The Western Intercollegiate debuted in 1947, and was a match-play event for the first 11 years. Length of playing history aside, here’s perhaps the best nugget about the Western: It was once broadcast live, nationwide, on ESPN.

Consider that this is a college tournament, then let that sink in.

Not to disappoint, viewers got their TV introduction to the Western in 1996 as Oberholser, the last San Jose State player to win this event, shot a back-nine 30 to overtake the Stanford duo of Joel Kribel (who won the following year) and Tiger Woods. It was worthy theater.

This week’s 14-team field includes top-ranked Cal and four more in Golfweek’s top 10. Many coaches make it a staple on their competition schedule. With the Pac-12 Championship two weeks away, the field and the format provides a fitting late-season event for teams in that conference. The Western is a play-6-count-5 format, like the Pac-12s. Here, foursomes consist of two players from one team, two players from another team. It allows a coach to cover just a hole and a half.

“It adds another dimension,” Kennaday said of the format.

• • •

SHORT, BUT WITH TEETH: The worst mistake a player can make at Pasatiempo is reading too much into the scorecard. The course tips out at just more than 6,500 yards and plays to a par 70. It doesn’t say much about what awaits.

Designed in 1929 by MacKenzie, Pasatiempo puts a premium on accuracy. Heavy Bay Area air means short yardages go right out the window, and large greens are surrounded by extensive bunkering.

As USC head coach Chris Zambri said, “It’s legendary here in California.”

Perhaps that’s one reason the tournament has survived at this venue for so long. UC Irvine head coach Paul Smolinski guesses his team hasn’t missed more than one or two Westerns since he began coaching in 1998.

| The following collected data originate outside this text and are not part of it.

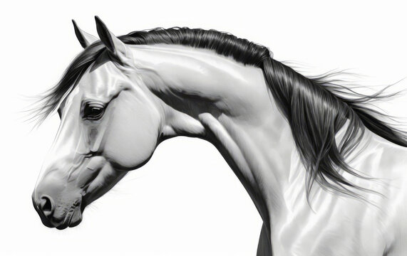 Monochrome Majesty A Striking Digital Art Portrait of a Noble Horse on White.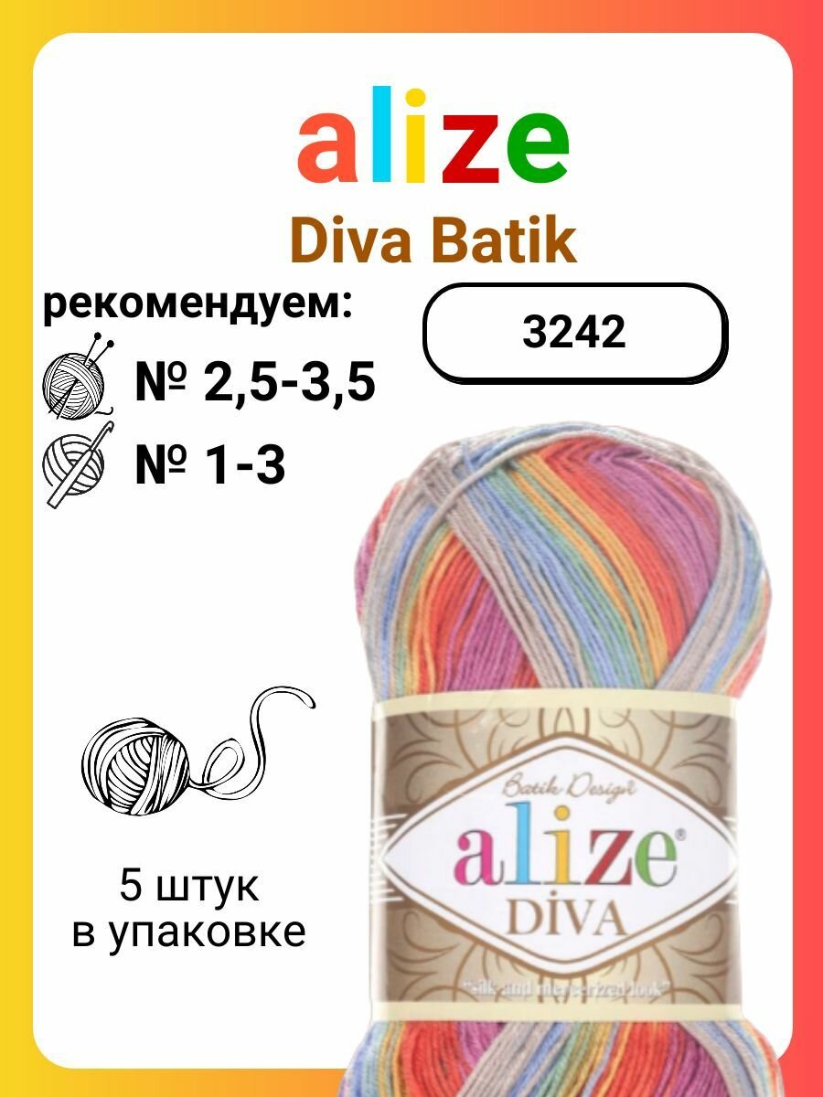 Пряжа для вязания Alize Diva Batik 3242, 100 г, 350 м, 5 штук информация: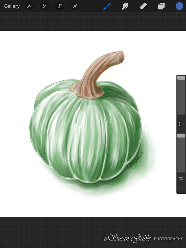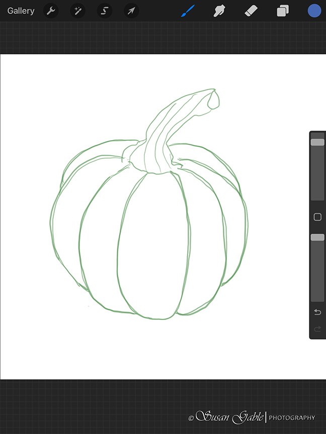 In the meantime, here’s my first official Procreate sketch that I created on my iPad. Yes, it’s another pumpkin sketch.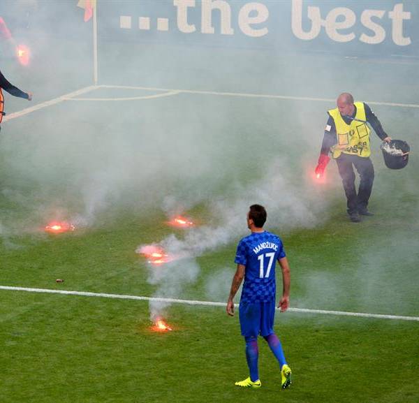 Croacia vencía 2-1 a República Checa cuando los aficionados empezaron a lanzar bengalas.

“This is my favorite college tournament,” Smolinski said. “It’s a different kind of golf because the greens are so severe. It’s a different brand of golf than what we’re used to seeing.”

• • •

PART OF HISTORY: Stanford’s Patrick Rodgers returns to defend his Western Intercollegiate individual title this week. Not surprisingly, he brings good memories back to Pasatiempo.

“I think it just really suits my game,” Rodgers said. “You have to be really mentally disciplined. It just tests all areas of your game.”

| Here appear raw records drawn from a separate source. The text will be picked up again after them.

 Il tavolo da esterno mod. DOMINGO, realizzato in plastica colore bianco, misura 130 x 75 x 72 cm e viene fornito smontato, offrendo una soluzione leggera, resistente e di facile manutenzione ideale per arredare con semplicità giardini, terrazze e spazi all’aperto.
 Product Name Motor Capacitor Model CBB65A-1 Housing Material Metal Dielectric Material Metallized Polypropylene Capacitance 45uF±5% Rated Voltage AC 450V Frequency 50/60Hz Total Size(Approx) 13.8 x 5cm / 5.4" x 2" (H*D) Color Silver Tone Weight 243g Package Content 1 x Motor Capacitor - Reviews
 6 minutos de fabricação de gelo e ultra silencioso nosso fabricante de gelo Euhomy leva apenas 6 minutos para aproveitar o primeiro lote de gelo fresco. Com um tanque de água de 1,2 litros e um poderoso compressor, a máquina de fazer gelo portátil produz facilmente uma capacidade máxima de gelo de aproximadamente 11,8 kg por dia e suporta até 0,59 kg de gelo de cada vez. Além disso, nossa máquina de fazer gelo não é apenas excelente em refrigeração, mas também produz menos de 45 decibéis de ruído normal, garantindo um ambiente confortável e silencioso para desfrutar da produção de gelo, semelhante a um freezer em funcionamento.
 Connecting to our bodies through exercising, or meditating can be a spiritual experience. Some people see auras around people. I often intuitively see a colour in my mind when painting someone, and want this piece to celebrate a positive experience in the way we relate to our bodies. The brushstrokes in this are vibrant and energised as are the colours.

For Rodgers, the week is about the bigger picture: Playing a classic course, watching the Masters with his Stanford teammates, being a part of tradition.

“I know this event is pretty unique in college golf with all the history.”

• • •

WATCHING WEAVER: Top-ranked Cal is the only team in the field with a player in this year's Masters. Redshirt junior Michael Weaver earned his invitation to Augusta courtesy of his runner-up finish at the U.S. Amateur. He is the first Golden Bear to play the Masters while on the Cal roster.

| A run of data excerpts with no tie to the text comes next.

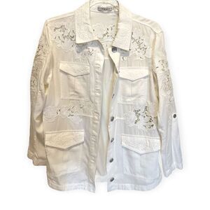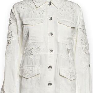 ALICE + OLIVIA Three-Quarter Sleeve Embroidered White Button-Up Top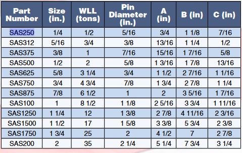 Complete with bolt, nut and cotter pin; Overhead lifting applications where pin removal is minimal. Forged, Quenched and Tempered Galvanized Carbon Steel Body and Alloy Pins.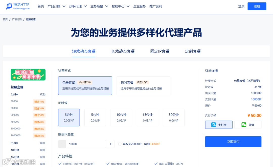按个数售卖,包时计费,适用于IP需求量不大,追求极高稳定性的个人/企业用户,限时折扣活动优惠力度空前!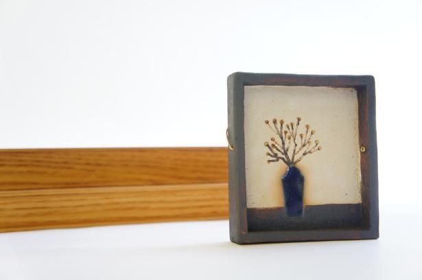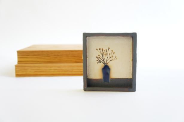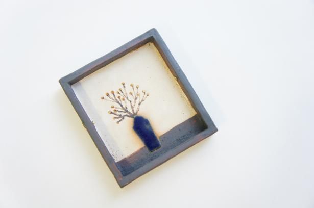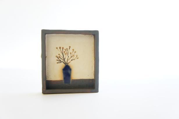 陶板作品:鮮やかな碧い花瓶に生けられた白い花、白い壁と小さな窓のコントラストが愛らしい景色を切り取った一枚の写真のような優しい陶板です。その絵柄は、釉薬によって塗り分けられ、焼き上がりによって唯一無二の一枚となります。裏面に作者サインが施されています。<幅7.5cm×高さ8.2cm×厚さ1.5cm 裏側に壁掛けワイヤー付>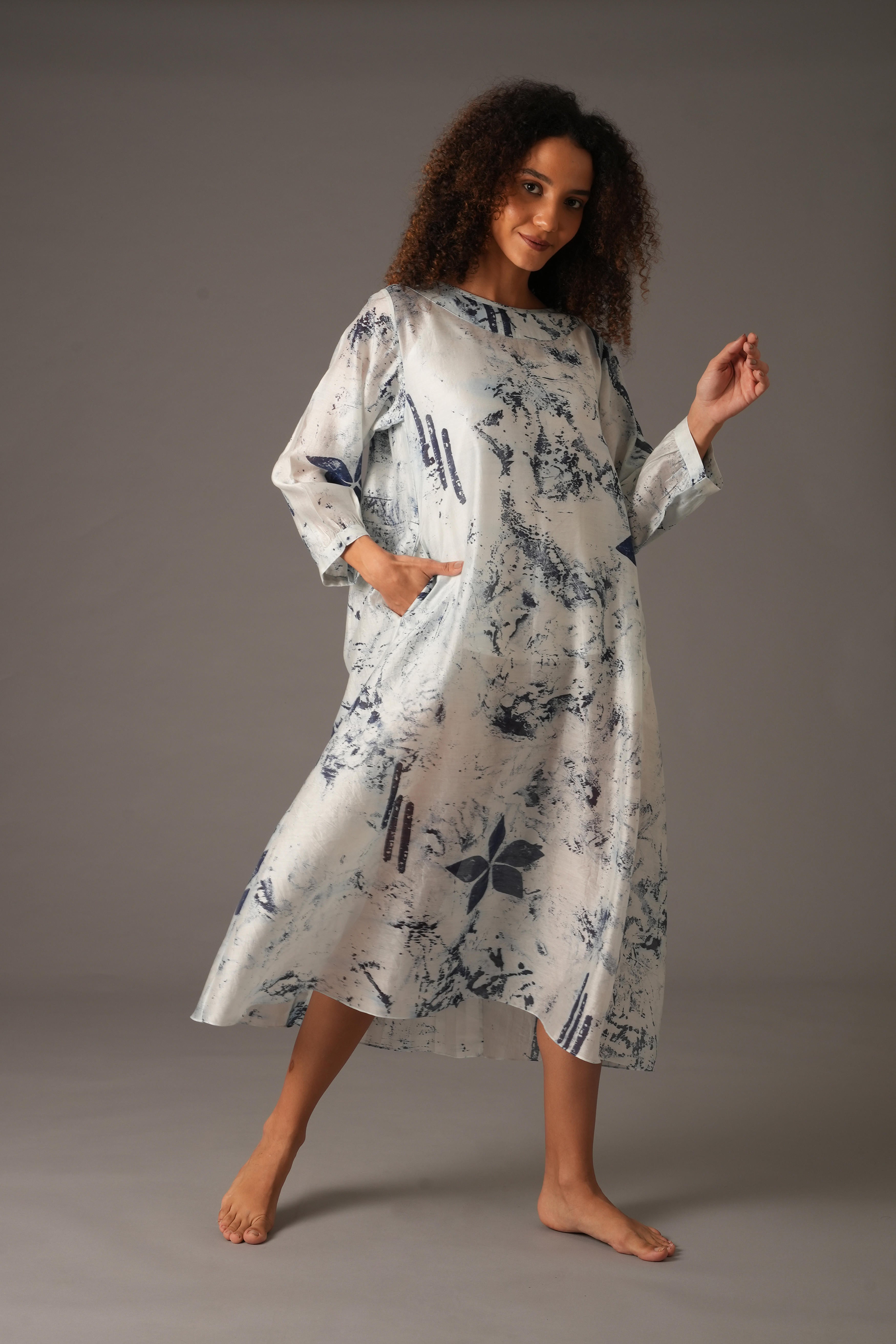 This elegant Chanderi Silk set includes 2 pieces: Dress and Slip in white and blue. The dress has a full length of 47 inches, 19-inch long sleeves with 1-inch cuffs, and pockets on both sides for added convenience and style. Our model, standing 5'8", is wearing a size S.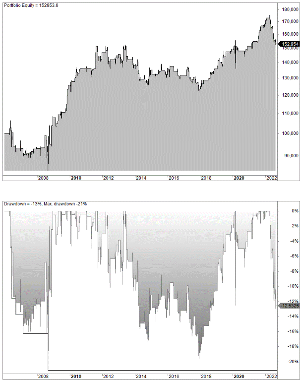 The trading strategy buys on strength, the opposite of mean reversion, and has a positive expectancy. But the equity curve is pretty erratic and is nowhere near a tradable trading strategy.

Weaver’s absence means two things for the Golden Bears. First, with head coach Steve Desimone in Augusta this week, assistant coach Walter Chun has the early-week reins. Desimone plans to arrive Saturday afternoon as Weaver is likely to miss the cut.

Because six players can play for the team score at the Western, two more players got a chance to play Pasatiempo. Added to this week’s lineup: freshmen James Yoon (three starts this season) and Walker Huddy (two previous starts).

Cal is playing for its ninth victory this season, chasing the 10-victory record set by Oklahoma State during the 1985-86 season. The Golden Bears last won this event in 1950.

• • •

RETURNING AS A COACH: Had Tim Mickelson been able to finish one spot higher on the 2000 Western Intercollegiate leaderboard, it would have been the fourth consecutive top-10 finish of his senior year at Oregon State. Alas, the streak ended at Pasatiempo.

Mickelson, now head coach at Arizona State, is on the other side of the game. The Western is one of a handful of tournaments at which he’s experienced that reversal.

“I don’t remember if I bogeyed the last hole or not but I just remember that I played very conservative around the entire golf course – off the tee, around the greens,” Mickelson said. “I basically am telling my guys the same thing I remember being told, which is you’re better off on the front edge or short of the green than you are 10, 15 feet above the hole in many spots.”